THE quiet town of Sandakan on Sabah’s east coast holds one of the darkest memories of World War II – a prisoner-of-war (PoW) camp where more than 2,700 Allied soldiers were held captive.
By the war’s end, only six survived.
The camp stands as a symbol of unimaginable suffering, but hidden in its history are rare stories of compassion and bravery – ordinary Sabahans who risked everything to help others.
One of them was Ernesto Lagan, a Sandakan policeman who used his position under Japanese rule to help Allied prisoners from Australia, New Zealand and Britain.
His eldest son, Alban Lagan, still recalls the morning the soldiers came for his father. He was barely six when their lives changed forever.
“We were about to have breakfast when the Japanese suddenly came in an open car,” he said.

“They called out my father’s name – ‘Lagan, Lagan’. He stood up, and they took him away.

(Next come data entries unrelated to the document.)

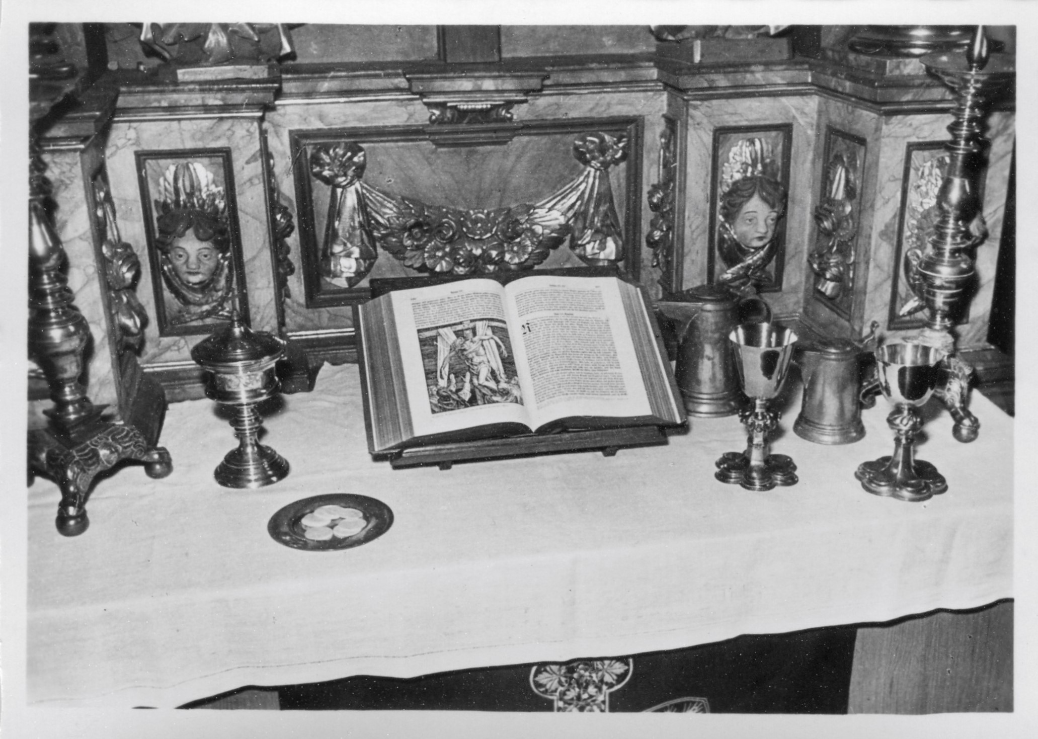 | Beschreibung | Kirche St. Matthäus Vach, Abendmahl Geräte und Bibel, 1935 | ||
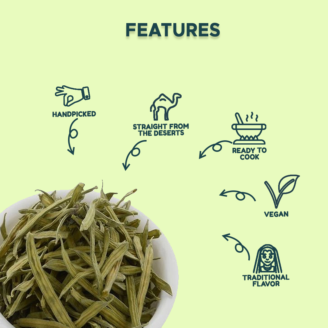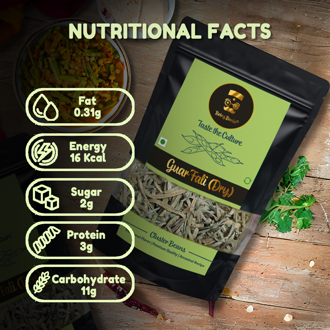 Being Bania Gaur Fali is a staple of Rajasthani cuisine, carefully handpicked and sundried in Rajasthan. Guar beans have a long and slender body and are commonly used as vegetables and in lentils. Beyond their deliciousness, gaur fali are revered in Rajasthan, often paired with the famous Ker Sangri dish. Their popularity extends beyond borders, winning hearts globally. The best part? They're a healthy snack packed with protein, fiber, and vitamins, making them a guilt-free indulgence that keeps you energized.
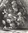 Anonimo — Scacciati Andrea - sec. XVII/ XVIII - Natura morta con vaso scolpito di fiori Anonimo
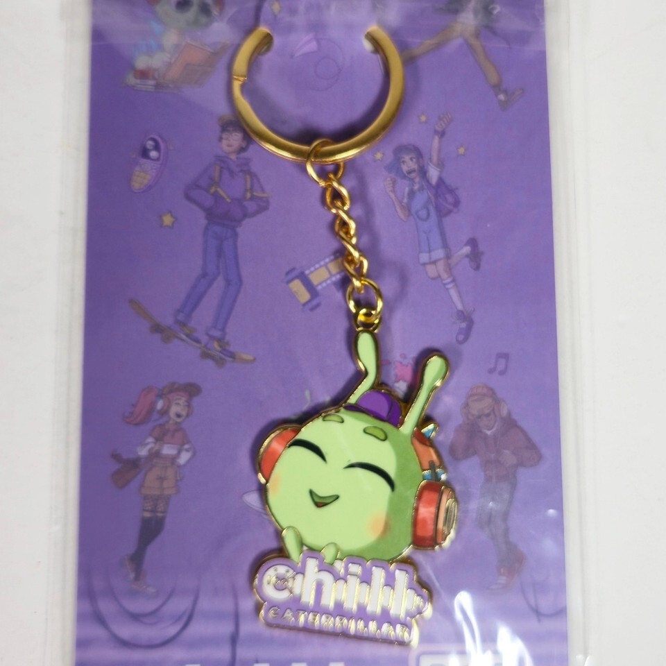 It serves as a rare, authentic piece of memorabilia from the convention, capturing a secret moment in the bustling chaos of NYCC. Made of Premium Hard Enamel on Gold-Tone Metal, with a classic keyring on one end, and the Chill Caterpillar character wearing a pair of headphones on the other. It is brand New, still sealed in original poly bag.
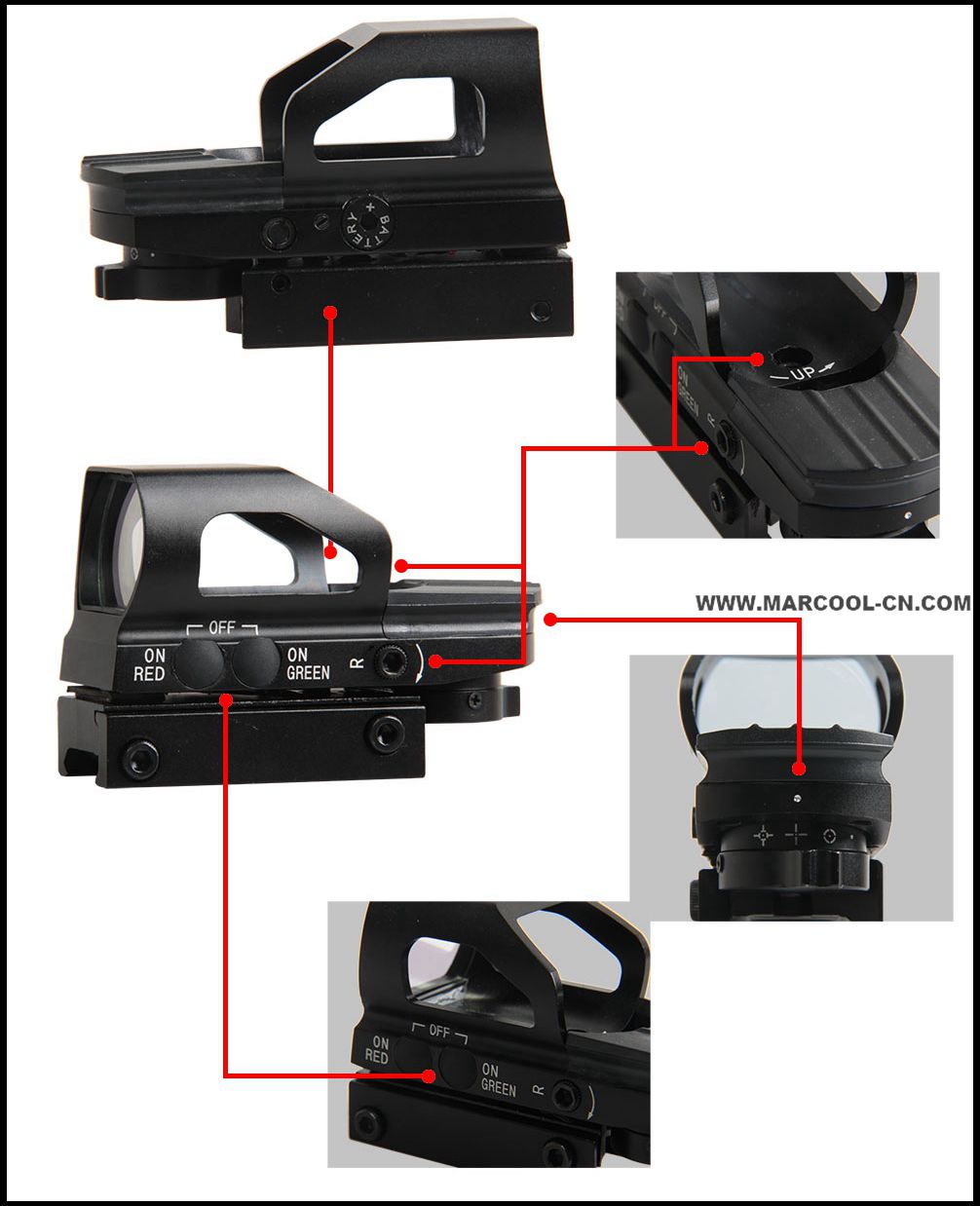 Leave both eyes open while you shoot, keeping your complete field of view open. Idea for hunting, tactical shooting and airsoft.

We never saw him again.”
Ernesto was accused of aiding the prisoners and joining a small underground network that secretly passed information and supplies to them.
In 1944, he was executed by firing squad in Kuching and buried in a mass grave with 13 others.
A child who saw everything
Alban grew up near St Mary’s Church, not far from the camp. He remembers prisoners being gathered there before being forced to march westward.
“There were about 2,400 of them,” he recalled softly.
“The Japanese were small but carried rifles and hit the tall white men. I can still hear them marching and singing Three O’Clock in the Morning as they passed our house.”
That haunting song became one of his earliest memories of the war.
Japanese soldiers often raided the Lagans’ home, overturning furniture as they searched for evidence.
His mother was sometimes allowed to visit Ernesto, returning with his blood-stained singlets and shorts.
“She cried while washing them,” Alban said. “I just stood there watching, not understanding. Only later, when we saw his name on the memorial, did we finally accept he was gone.”
Betrayal and forgiveness
Years later, Alban learned his father had been betrayed by someone within the secret committee.
“One person in the group had a change of heart,” he said. “He told the Japanese who was involved. That’s how my father was killed.”
But rather than harbour hatred, Alban chose to forgive.
“I forgive him. Maybe he thought the Japanese would treat him better. But they didn’t care either.”
The war years that followed were brutal. His family fled their home with nothing.
“Sometimes we went up to 10 days with nothing to eat,” he said.
“But my mother never stopped believing that my father did what was right.”
Witness to the Death March
From his home, Alban saw the beginning of what history would call the Sandakan–Ranau Death March – a 260km trek through jungles and mountains that claimed almost every prisoner’s life.
“They walked past our house,” he said. “We heard their footsteps, their voices, and then silence. None of them ever came back.”
Today, nearly eight decades later, Alban, now 90, still lives in Sandakan. Every year, he visits the war memorial where his father’s name is etched among the fallen.
“I come here every year because I want peace,” he said. “We don’t want this kind of suffering again.”
Asked if he blames the Japanese, Alban shook his head.
“I have no hatred. War makes people suffer. That’s why we must never have war again.”
For him, his father’s sacrifice is more than history – it’s a message for the future.
“My father died helping others. If he left anything behind, it’s that we can still choose kindness, even when the world is cruel.”
From the ashes of Sandakan’s past, Alban carries not anger, but peace – proof that even in the worst of times, humanity endures.